關廿瞳孔微震:“這,不可以的,這是非法監禁。”

“噗…”宋九原沒繃住笑出聲來:“我的大寶貝啊,你怎麽這麽好玩?”

關廿赧然,他也不知道宋九原陰一陣晴一陣到底是什麽意思,但他那顆不安多日的心此刻卻神奇的平複了。

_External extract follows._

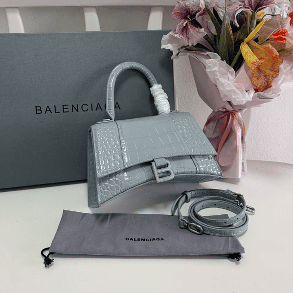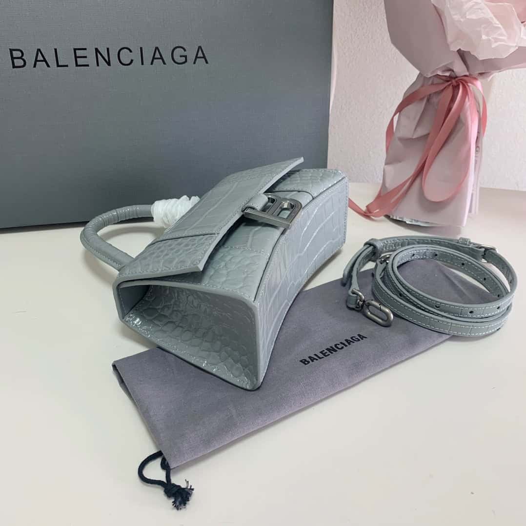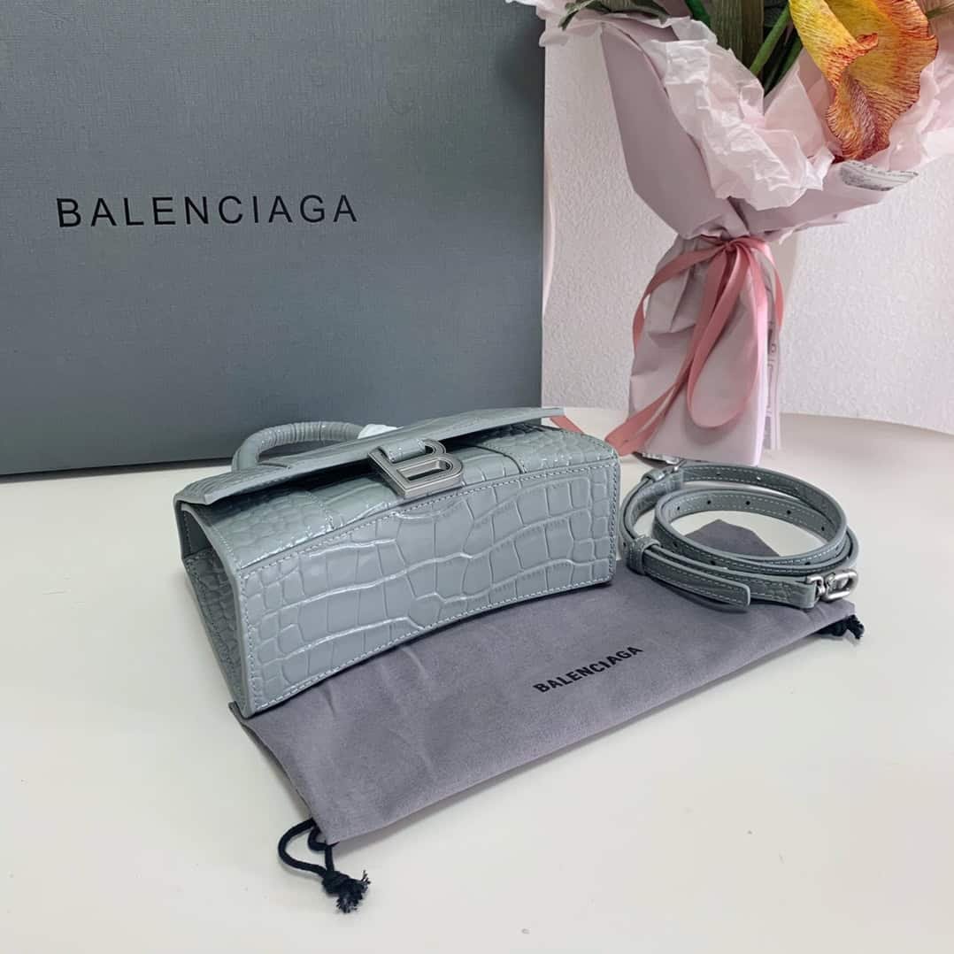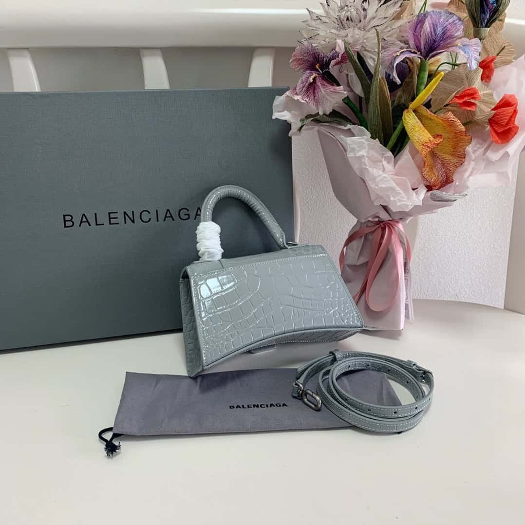 Balenciaga Hourglass Bag Retro Gray Crocodile Pattern Top Upgraded Version Spot real shot, imported calfskin embossed crocodile inside and outside full leather, instant delivery, trendy

他想跟宋九原說對不起,但是這句話好像說過了。想說聲謝謝你,又覺得肉麻說不出口,於是他伸手一撈,將宋九原打橫抱起……

“啊!”宋九原驚呼一聲:“哥,你幹嘛?”

關廿走向床邊:“可以嗎,現在?”

“……得鎖門!”

外麵,船員們的狂歡絲毫沒有影響屋裏兩人親密互動,宋九原覺得關廿今天格外凶,他好像忽然就不顧忌自己身子骨瘦弱了,隻在抱著他的某一刻說了一句:“再胖一點,九原。”

宋九原:“……”

這好日子才過了幾天嘛!哪能這麽快長起肉來?居然還嫌棄他瘦了!

……

酣暢淋漓之後,兩人穿好衣服恢複之前的衣冠楚楚,待會兒還得去廚房包餃子。

宋九原幫關廿理了理額邊的碎發,叮囑道:“哥,以後你要是有什麽想不明白的,一定要直接問我啊!別再看那些毒雞湯了好嗎?”

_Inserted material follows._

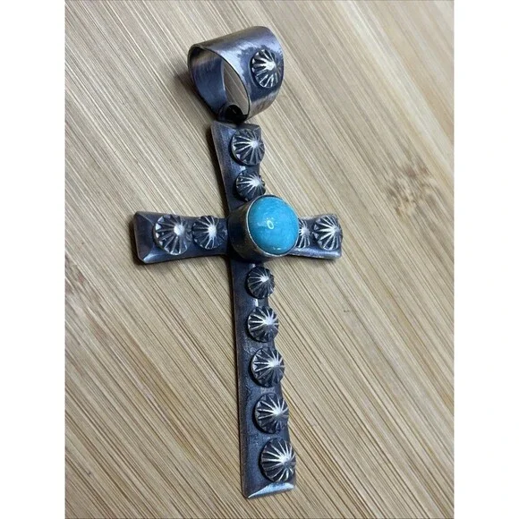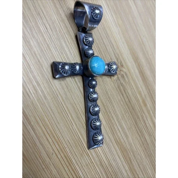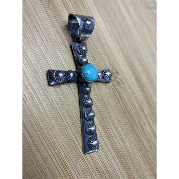 This beautiful pendant showcases the artistry of the Native American culture with its sterling silver cross design and blue turquoise stone. The round, handmade piece is a must-have for any collector of ethnic and regional style jewelry. The pendant is perfect for both men and women, and its unique design will surely catch the eye of any jewelry enthusiast.48.6 grams

宋九原隻以為關廿是從活動室那些沒營養的雜書裏看到的那頁紙,他想想都後怕,這要是讓他看到什麽'有一種愛叫做放手'之類的,那自己得多費多少勁往上貼啊……

“好。”關廿唇角帶笑。

“再說,談戀愛是我們兩個的事,別人寫的亂七八糟的都沒有參考價值……我們要跟從自己的內心,我愛你,隻要你對我有一點點好感,那我死纏爛打也要跟你在一起的,還有……”宋九原給關廿灌輸完自己的宋氏雞湯後,又煞有介事的拉起他的手,輕咳一聲:“關廿先生,未來的日子,無論上船下船,工作還是退休,關廿和宋九原都要相互陪伴不離不棄,永遠在一起,你願意嗎?”

關廿眸光微動,看著宋九原笑了一下:“願意。”

宋九原睜大眼睛驚喜道:“哥!你笑了?你笑起來真好看!哥你再笑一笑讓我看看嘛!”

關廿又覺得臉有些熱,他**都不會臉紅,卻總被宋九原某些不經意的言語動作搞的無措。

“你呢?”關廿轉移宋九原的注意力。

“我自然是一百個願意呀!”宋九原小指直接勾住關廿小指舉到兩人身前:“不信拉鉤!”

關廿垂眸看了一眼勾在一起的兩隻修長的手指,呼吸微窒。

“拉鉤上吊……”

宋九原“咒語”沒念完,關廿就握住他的手,低頭親住那兩片叭叭個不停的淺色嘴唇。

“我相信你。”關廿後來說。

為了不惹人遐想,宋九原先行離開。

然而剛踏出側門,就聽到頭頂傳來白靖含怒彪出的一句英文:“你瘋了嗎?!”

宋九原心下一驚,聲音是從駕駛室外的了望台傳來的,他抬起頭──什麽都看不到。

了望台的長度超出他所在甲板層一截,於是宋九原八卦的豎起了耳朵……

“用不了一個星期!換船就能做大副!有的是換了證還得在原職上幹好幾年的,你他媽現在跟我說你想離職?我不理解我也不同意!”白靖明顯鬱悶壞了:“你他媽給我個合理的解釋,不然老子懷疑你腦子被驢踢了。”

宋九原嘴角抽抽,他大概猜到點什麽。